### [WHAT NEEDS TO BE DONE]
Reproduce the entries below exactly, but only from the line containing "she just loves" to the line containing "1. Dans le menu", inclusive.

### [DATA SECTION]
--- --- ---
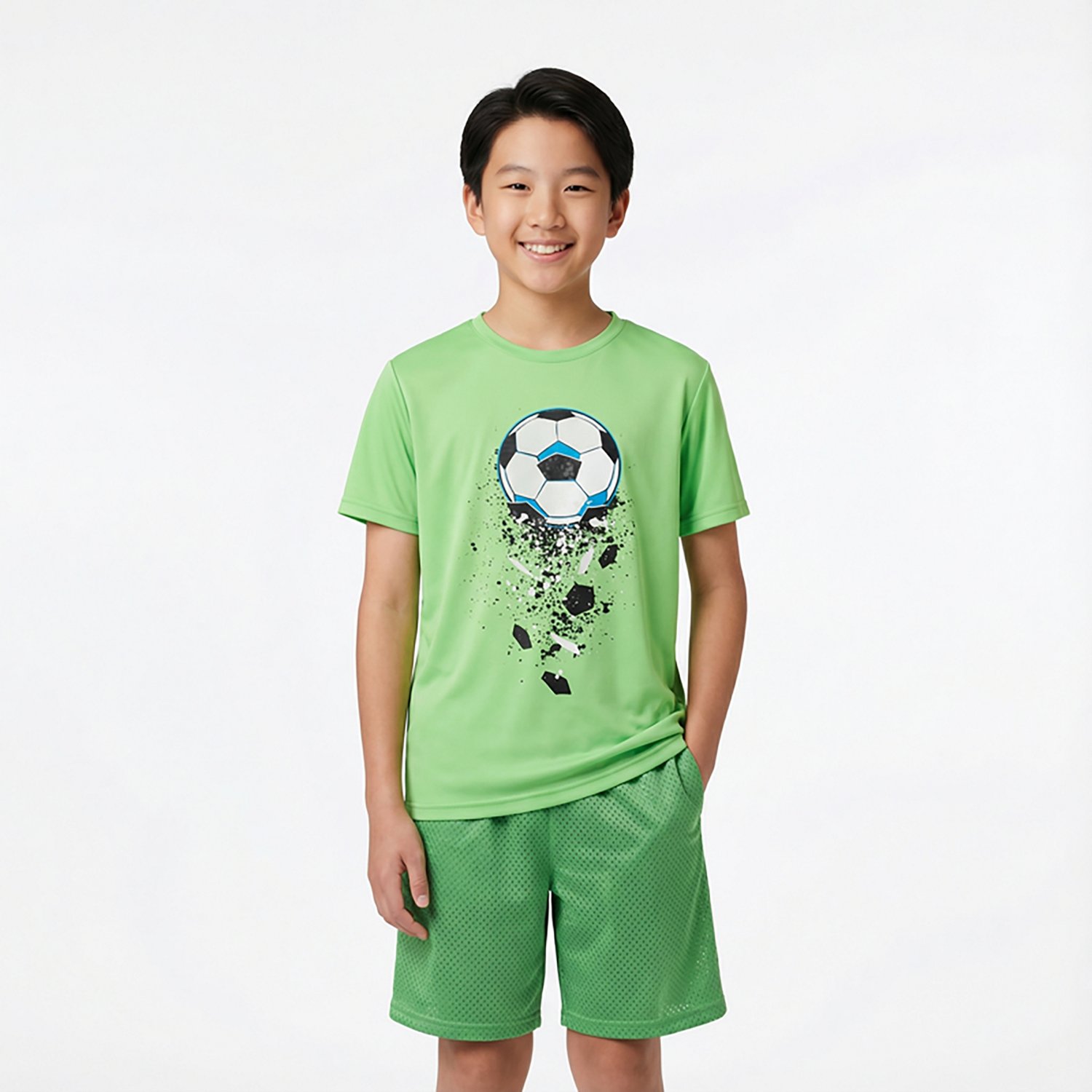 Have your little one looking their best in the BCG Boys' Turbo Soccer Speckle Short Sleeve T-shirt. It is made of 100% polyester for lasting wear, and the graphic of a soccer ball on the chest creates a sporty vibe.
--- --- ---
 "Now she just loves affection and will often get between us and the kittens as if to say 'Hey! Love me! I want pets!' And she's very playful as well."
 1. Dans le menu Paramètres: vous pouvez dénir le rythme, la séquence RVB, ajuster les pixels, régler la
--- --- ---
### [RESPONSE TO THIS TASK]
 "Now she just loves affection and will often get between us and the kittens as if to say 'Hey! Love me! I want pets!' And she's very playful as well."
 1. Dans le menu Paramètres: vous pouvez dénir le rythme, la séquence RVB, ajuster les pixels, régler la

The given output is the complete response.